I’m running Debian 11, kernel 6.10 on Odroid. Arch on my desktop.
I love Debian for servers. Super stable. No surprises. It just works. And millions of other people use it as well in case I need to look something up.
And even when I’m lazy and don’t update to the latest release oldstable will be supported for years and years.
@bjoern_tantau @communism That ‘support for years and years’ means security support. So even if the nominal versions stay stable, security fixes are backported. Security scans that only check versions usually give false positives: they think fixes in newer versions are not present when in fact they are.
Many others distros do exactly the same. I only chose Debian because the amount of software already packaged in the distro itself is bigger than any other, barring 3rd party repos.
I switched mine to NixOS a while ago. It’s got a steep learning curve, but it’s really nice having the entire server config exist in a handful of files.

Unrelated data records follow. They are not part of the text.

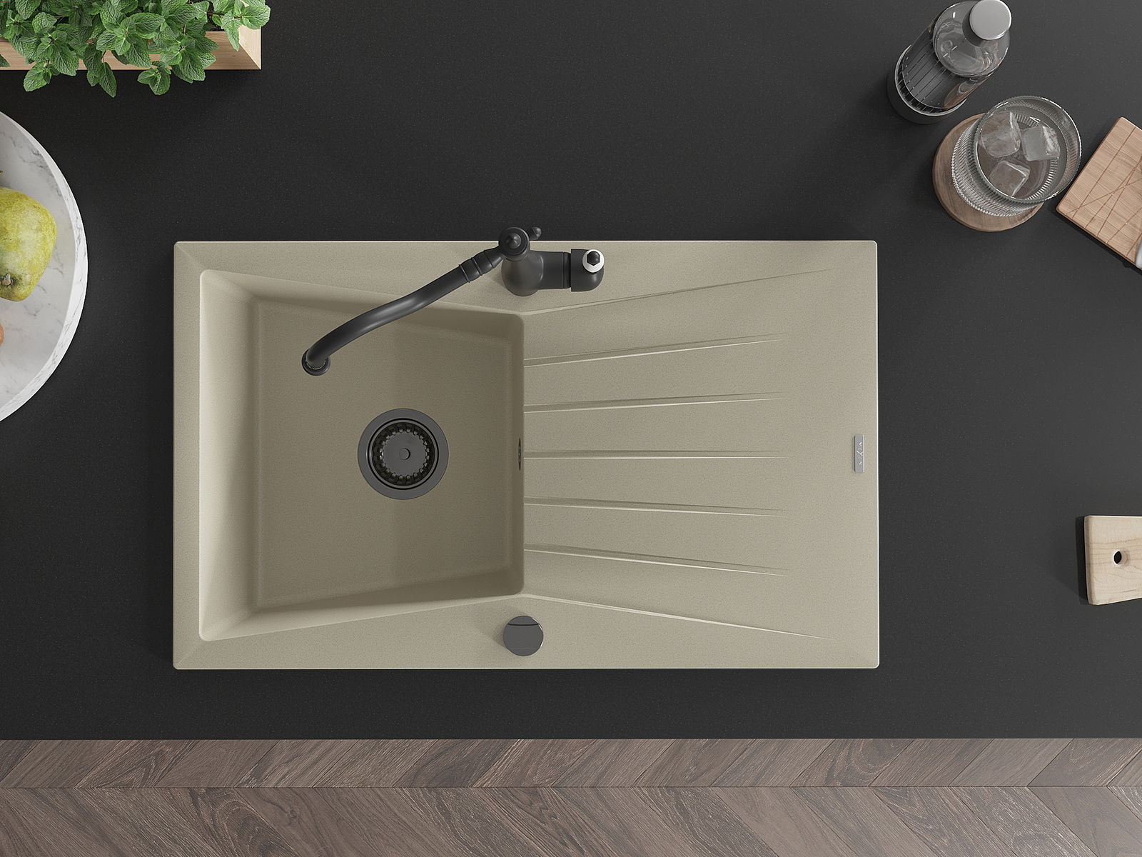 Ο νεροχύτης κατασκευάστηκε από υψηλής ποιότητας γρανίτη. Αποτελεί μια κομψή, και κυρίως πρακτική προσθήκη για κάθε κουζίνα, ανεξάρτητα από το στυλ της. Η υψηλή ποιότητα και η αντοχή του γρανίτη εξασφαλίζουν πολυετή χρήση.
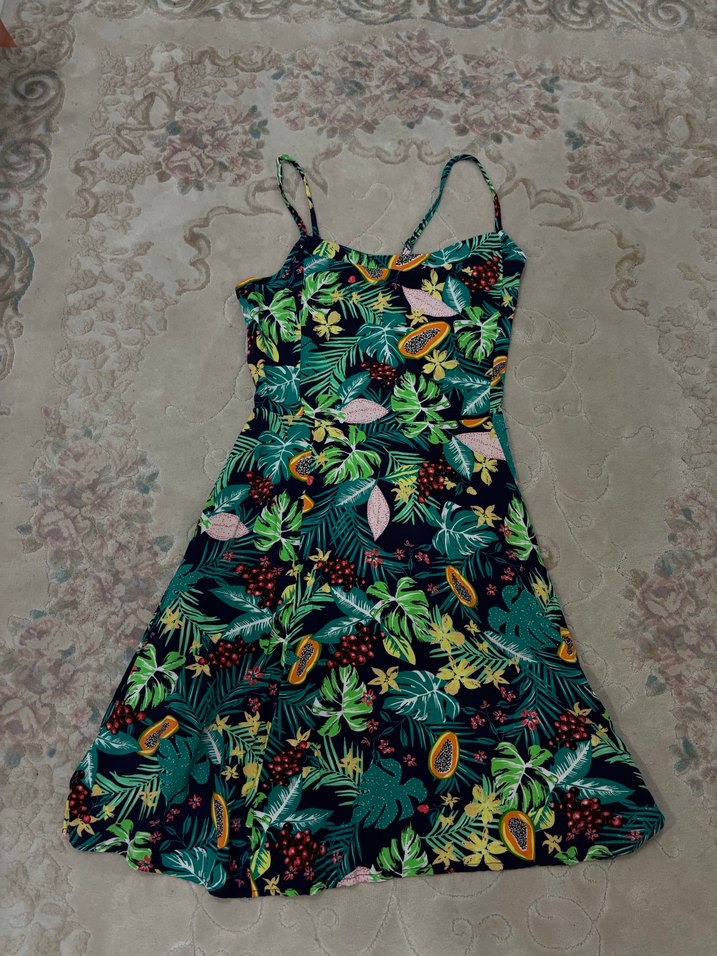 Renkli desenlere sahip, ince askılı ve fırfırlı detaylı, vücuda oturan midi elbise. Yumuşak sentetik kumaştan yapılmış, bohem tarzını yansıtıyor.
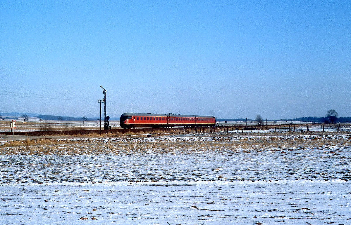 Im flachen Harzvorland passiert ein 613 im Februar 1985 das Einfahrtssignal von Hattorf (Strecke Herzberg - Northeim)
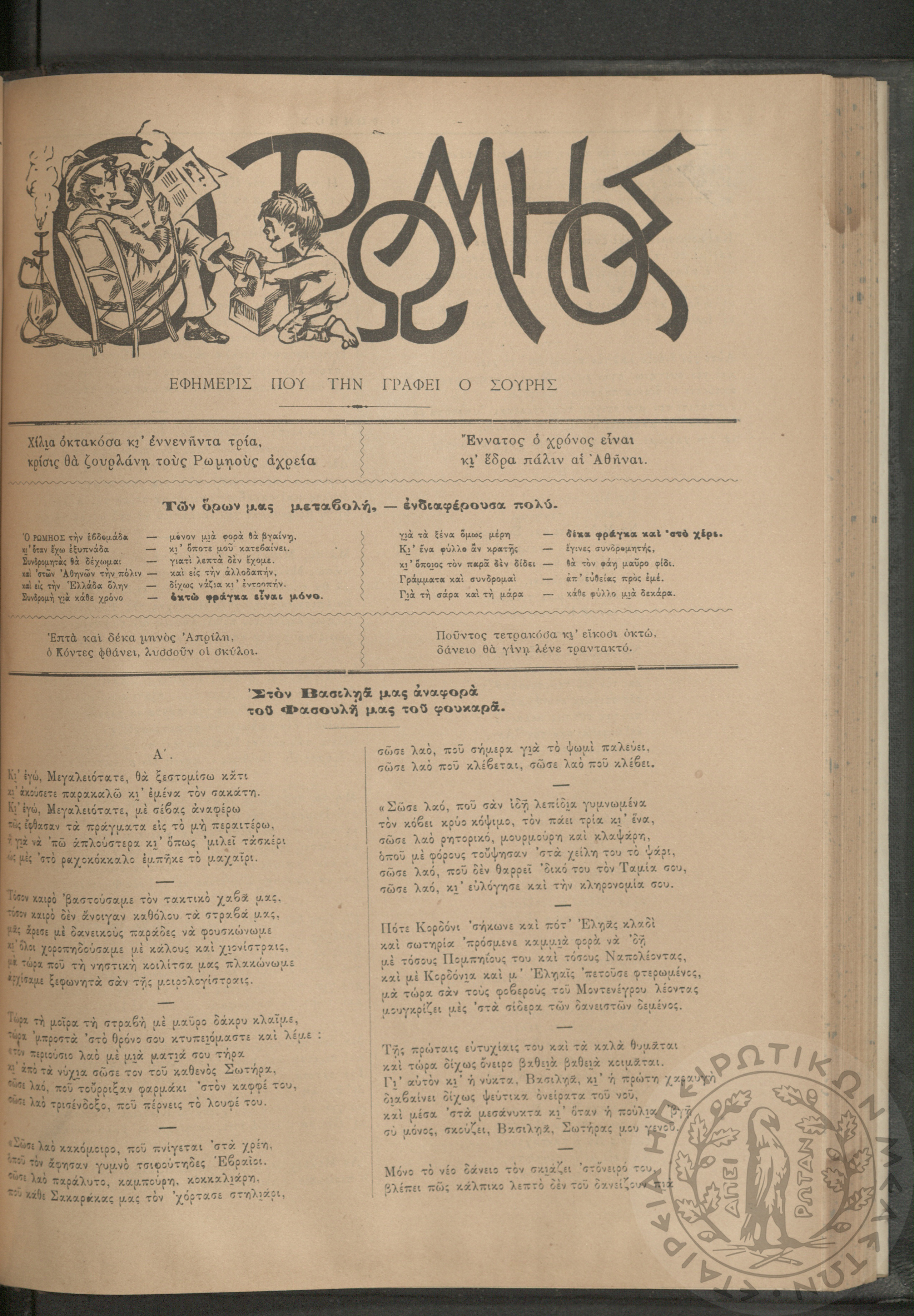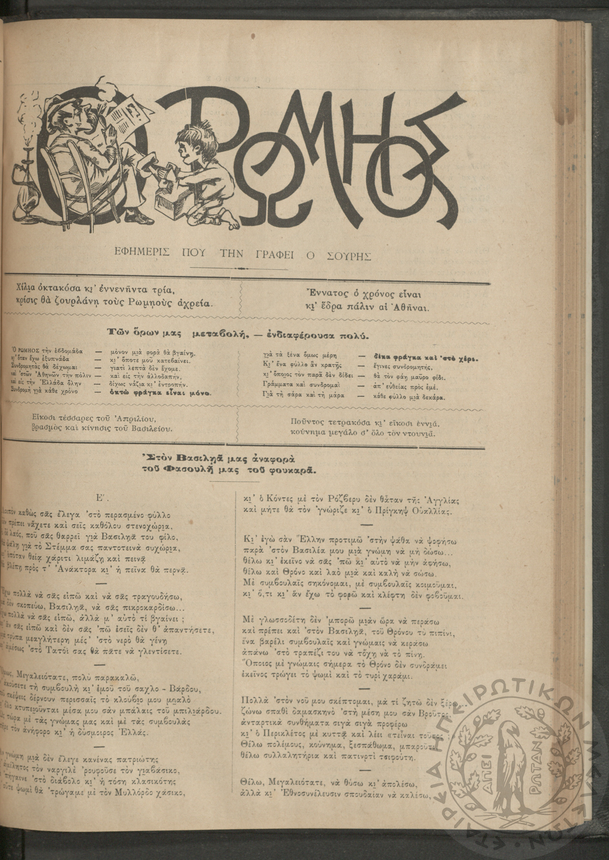 Ο Ρωμηός: Εφημερίς που την γράφει ο Σουρής, 1893, φ. 433
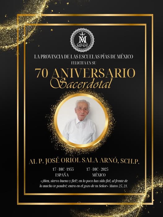 Las Escuelas Pías de México, y de todo el mundo, celebran el 70 aniversario de la ordenación sacerdotal del P. José Oriol Sala Arnó… porque ciertamente un hombre que ha dedicado tantos años de vida a servir a la misió escolapia y a la Iglesia es motivo de alegría y celebración, gracias a Dios.

Dietpi.. For no particular/proper reason other than its (extreme) focus on minimalism.
Love me some dietpi! Was pleasantly surprised of how smart and easy it was to use 🙌
@GustavoM @communism I think Alpine is better. It’s also very minimalist, but without going too bespoke so it’s still easy to google a solution.
Personally, I use Rocky Linux on my servers. It’s stable, and has plenty of support since it’s RHEL-based. It’s supported until 2030 or so, and it doesn’t have any of the cloud-init or netplan stuff that Ubuntu Server has.
It’s also pretty simple to set up docker/podman containers, although you need the EPEL for podman-compose and for a lot of other packages, but once you get your setup the way you like it, it just keeps running and running.
Always, always, always: Debian. It’s not even a debate. Ubuntu is a mess for using as a server with their snaps bullshit. Leave that trash on the desktop, it’s a mess on a server.
Snaps are meant for server applications but yeah
Snaps are meant for server applications
That’s a frightening statement. I don’t work in secret-squirrel shit, but I do private-squirrel stuff, and snaps are just everything our security guys wake up at night to, screaming. Back when I ran security for a company, the entire idea would have been an insta-fuckno . Please, carefully reconsider the choices that put you in a position where snaps are the best answer.
why is that?
Do explain with reasoning please!
I tried them by standing up a snap based docker server and it was a nightmare. Never again.
Ubuntu server, though I am thinking of using arch even though it is a rolling distro. It doesn’t really matter. As long as docker is supported, I am fine using any.
Do you have a plan on how you’d do version controlling on Arch? It’d be annoying to upgrade, something breaks, and you can’t easily roll back.
Snapper.
I wouldn’t personally use Arch on a server. The rolling release could cause a lot of problems, especially since you lack the ability to seamlessly integrate older versions of packages like with gentoo masking.